US power group touts microgrids ‘as the way forward’

29th March 2018 By: Simone Liedtke - Creamer Media Social Media Editor & Senior Writer

Decentralisation, through the implementation of microgrids, could be the key to improving grid resilience, US-based electricity supplier Illinois Power Company and Tucson Electric Power Company CEO Charles Bayless told an audience in Johannesburg this week.

The design of microgrids, which generally refer to an energy system that is able to operate independently from the main grid, can be crafted to meet the needs of each individual community and society, he said.

Microgrids “are the way forward and will be one of the waves of change in future”, Bayless said at the Power and Electricity World conference.

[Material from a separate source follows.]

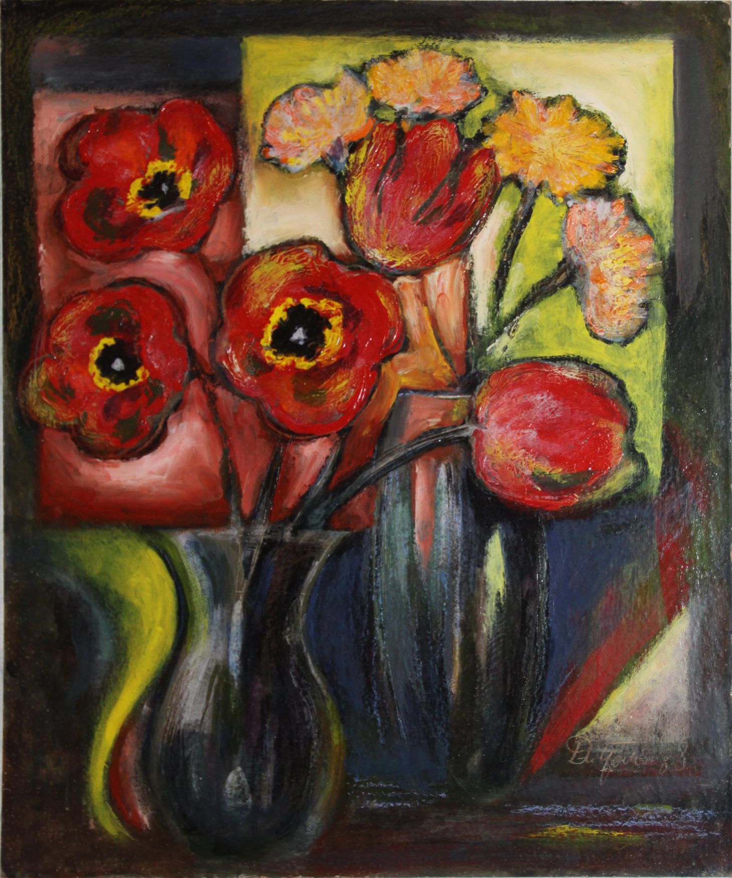 D.Groman " Vase with Flowers" in 1988 , cardboard /oil, size 50x40 cm , Price 20,000 rubles
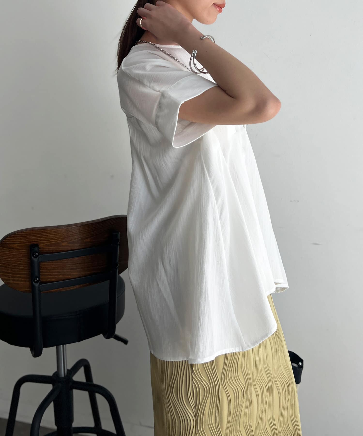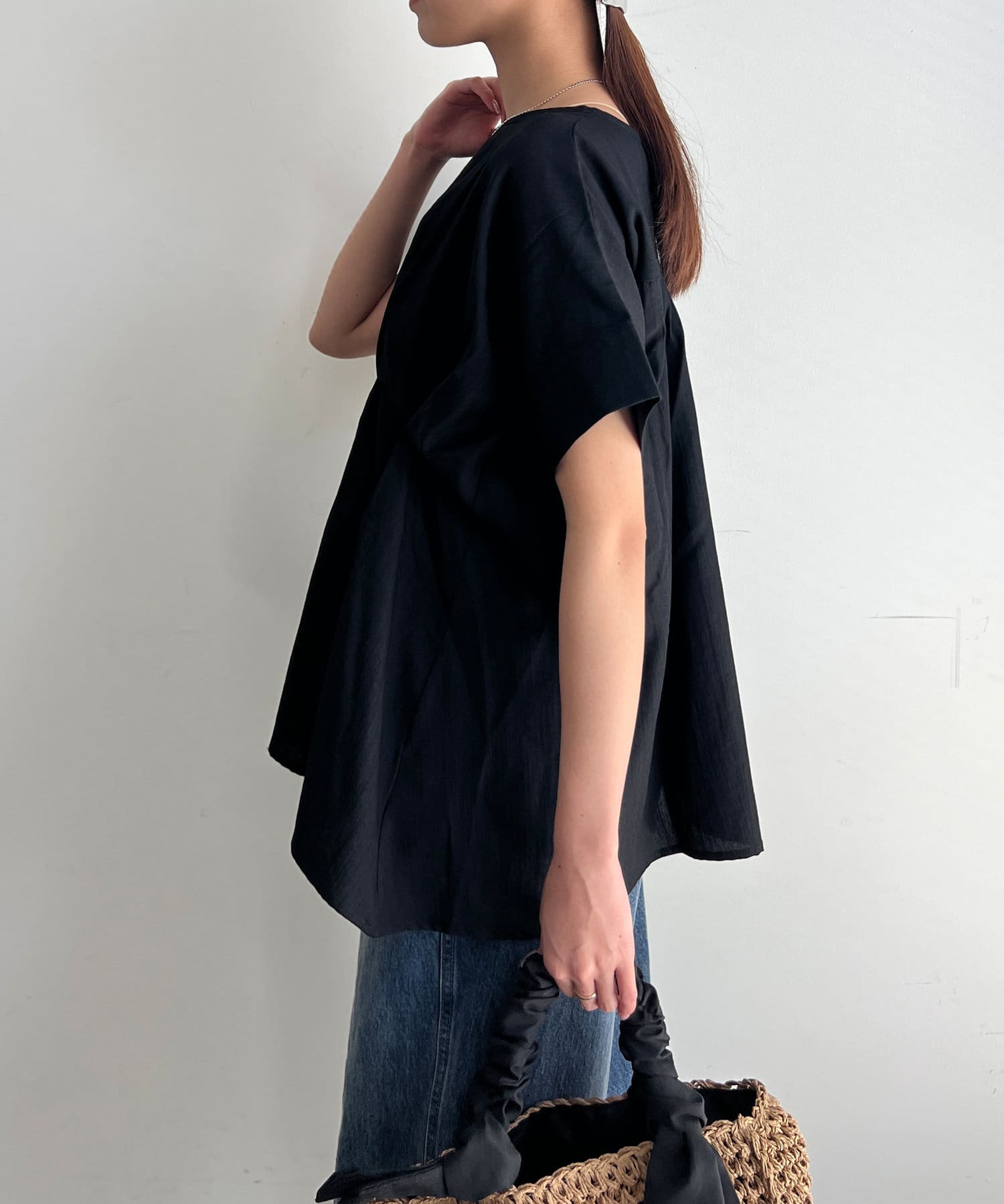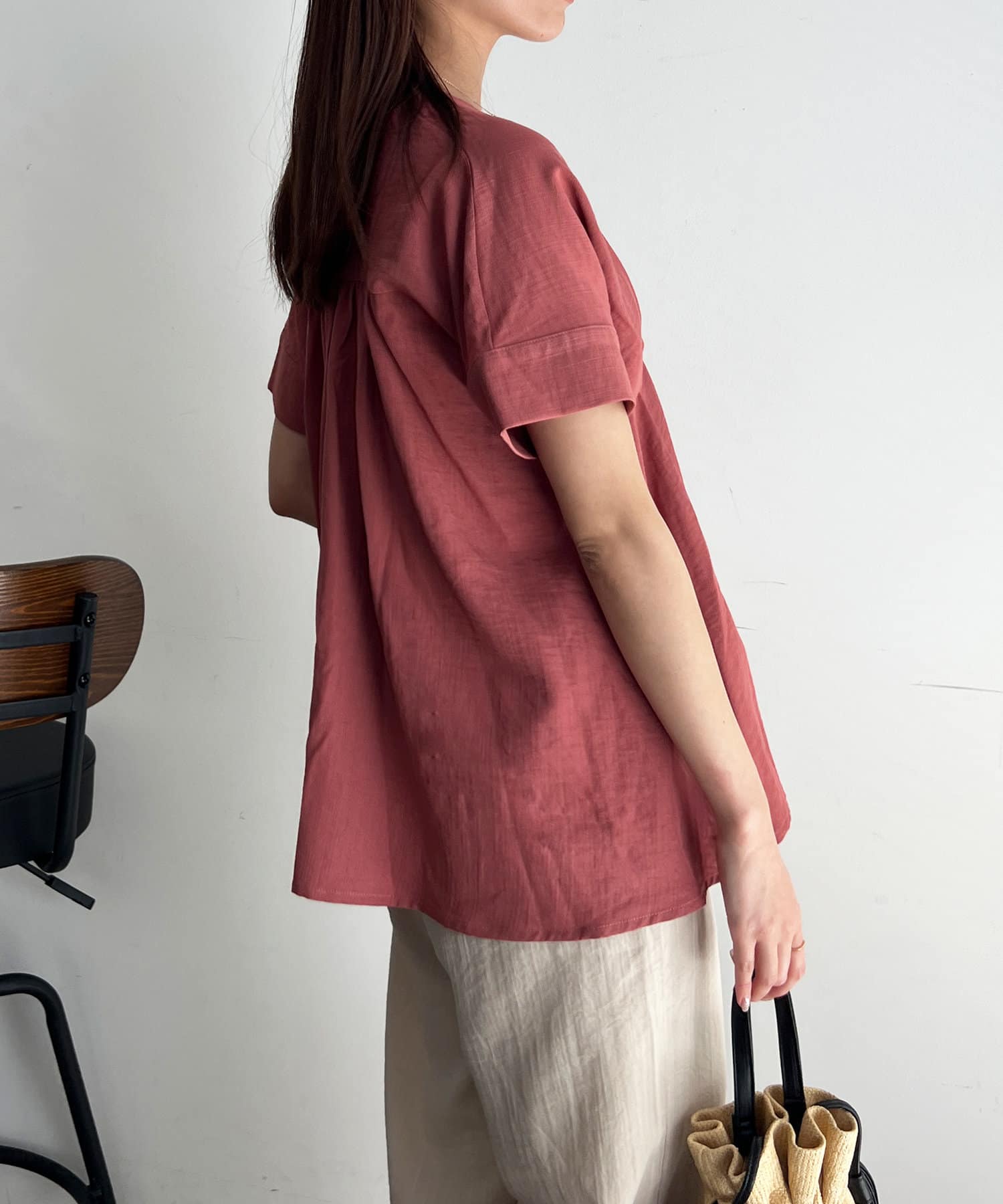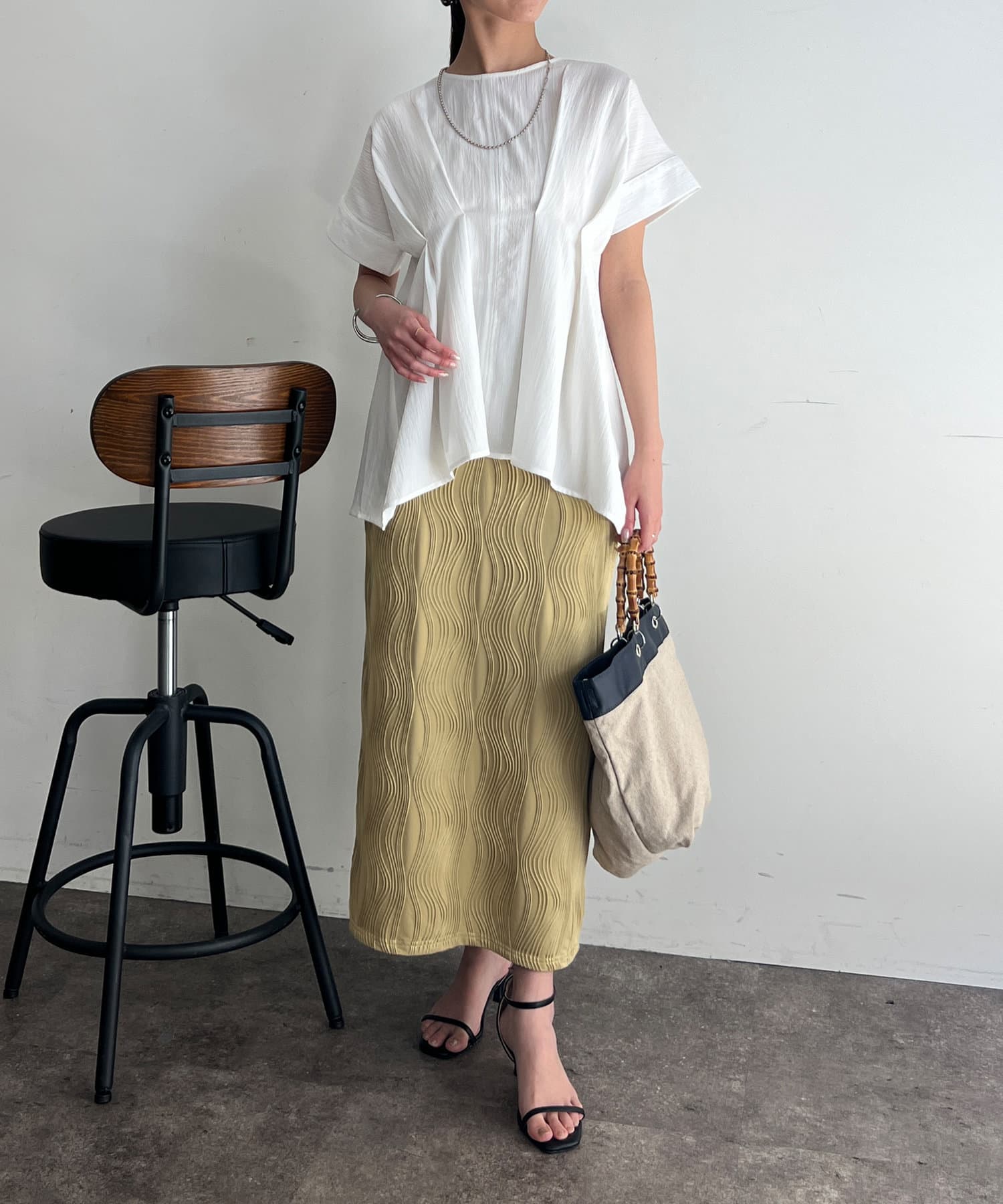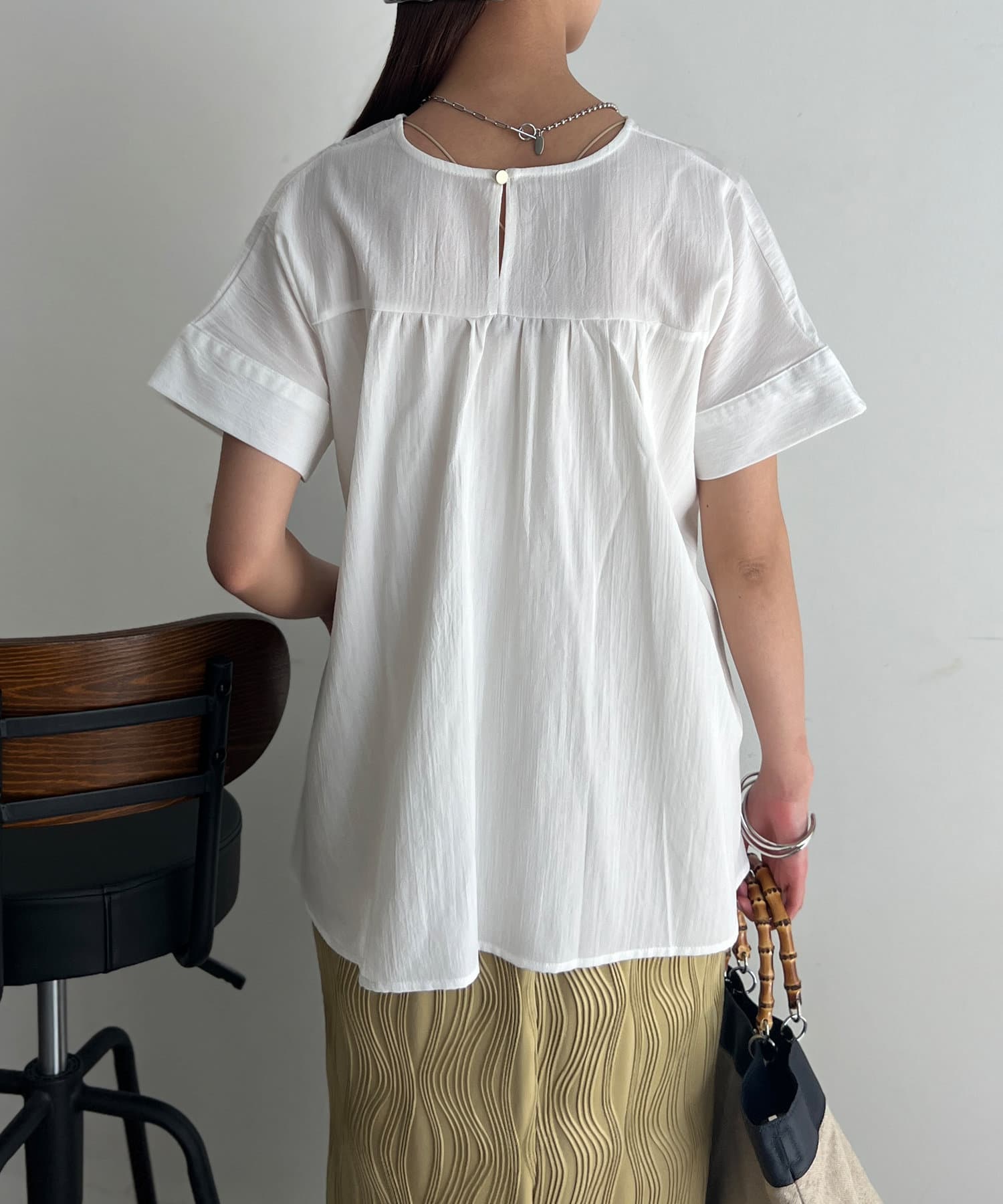 タックが施され身幅を細く見せてくれるので華奢見え効果も◎

Other “waves of change” include blockchain technology and digitisation, which would be key to ensuring that the industry “kept up with changes”.

Bayless cautioned that mixing new technologies, politics, economics and regulation could present some challenges for grid implementation, especially as a shift to carbon neutrality was sought.

“The big impediment to getting into a zero-carbon climate, to building the grid and bringing electricity to people, isn’t technical – it’s political and regulatory, which provide challenges of their own to grid implementation.”

Commenting on the future of fossil fuels in the energy mix, Bayless is adamant that these resources have to be phased out, pointing to the “quantum leaps” that have been taken to include renewable energy options within the global energy mix.

He also highlighted the importance of a holistic view on managing limited natural resources like energy, water, climate and population growth.

“We’re trying to achieve a low carbon economy, cleaner energy and universal access but there are multiple transition pathways in water, climate and population. A pathway for water, for example, may conflict with a pathway for energy,” Bayless noted.